The list is a big help, I do wood working projects from time to time and have garbage cans full of saw dust and wondered about adding that to the compost piles. I used to burn my cardboard boxes that I get shipments in but I'll save them now and save the coffee grounds all summer for winter. I think I have a much better handle on what I need to put into the compost piles and when. Of course the chickens always want to help turn the compost piles and we get a newspaper but some days it's pretty thin and only has a front and a back but we save them.
One thing I found interesting is how hot a trash can full of fresh grass clippings gets and how quick it gets hot.
JT
Sawdust is a perfect carbon source at 325 parts carbon to one part nitrogen.
The 25:1 ratio is more complicated that 25 bags of brown one bag of green.
https://www.planetnatural.com/composting-101/making/c-n-ratio/
Here's a more comprehensive list. Everything that lives has SOME amount of carbon and SOME amount of nitrogen but some have higher levels than others. The ideal ratio is one PART nitrogen to 25 PARTS carbon.

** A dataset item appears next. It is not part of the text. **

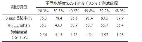 數(shù)據(jù)顯示,隨水解度增大,SRY-1增黏率和表觀黏度都顯著提高,但水解度超過60%后,增黏率又有所降低,SRY-1溶液G'呈現(xiàn)先增大后減小的趨勢(shì)。分析認(rèn)為:在一定范圍內(nèi),由于水解度增大,分子鏈更加伸展,分子間共價(jià)鍵作用更易形成彈性微觀網(wǎng)絡(luò)結(jié)構(gòu),彈性模量G'增大;隨著水解度繼續(xù)增大,聚合物分子流體力學(xué)體積持續(xù)增大而很難交叉纏繞,黏性行為明顯,彈性減弱,表現(xiàn)為彈性模量G'減小。因此水解度過度提高會(huì)造成增黏率下降,溶液黏性增強(qiáng),彈性降低的負(fù)面影響。由數(shù)據(jù)可知,SRY-1水解度為40%~50%時(shí),SRY-1的3 min增黏率可達(dá)90%以上,溶液黏彈性最為顯著。

For example leaves are 60 parts carbon to one part nitrogen (60:1). Chicken manure is six parts carbon to 1 part nitrogen (6:1). If you put a pound of leaves in with a pound of chicken manure you'd get 33:1, which is pretty good. Two pounds of chicken manure with a pound of leaves is 24:1, even better.
Another example, as you pointed out wet grass gets very hot. That's because fresh grass clippings (depending on your plant species) will have a carbon to nitrogen ratio of about 20-30:1, which is actually ideal for breaking down rapidly. You noted it gets very hot, that's because the bacteria that breaks it down is producing a lot of heat as a byproduct and those bacteria are fast at breaking things down. (Thermophilic - literally heat loving - bacteria.) It breaks it down rapidly and gets so hot it sterilizes the whole pile. It even kills things like tapeworms and salmonella. That's called hot composting and it's fast and safe. And that's at about 20-35:1. A very hot pile can finish composting in 6-8 months.
But! You actually loose more nitrogen in the air that way. To preserve as much nitrogen as possible, a cold, slow composting process is better. But then you don't get the benefits of a sterile pile. You get cold composting at about 40-60:1 Cold compost takes about 2 years to really finish. But you get more material and nutrients out of it. It builds the soil bigger and better, but does so slowly. This is closer to what happens on a forest floor for example, where the topsoil is built from years of leaf litter, some animal manure, and a lot of time.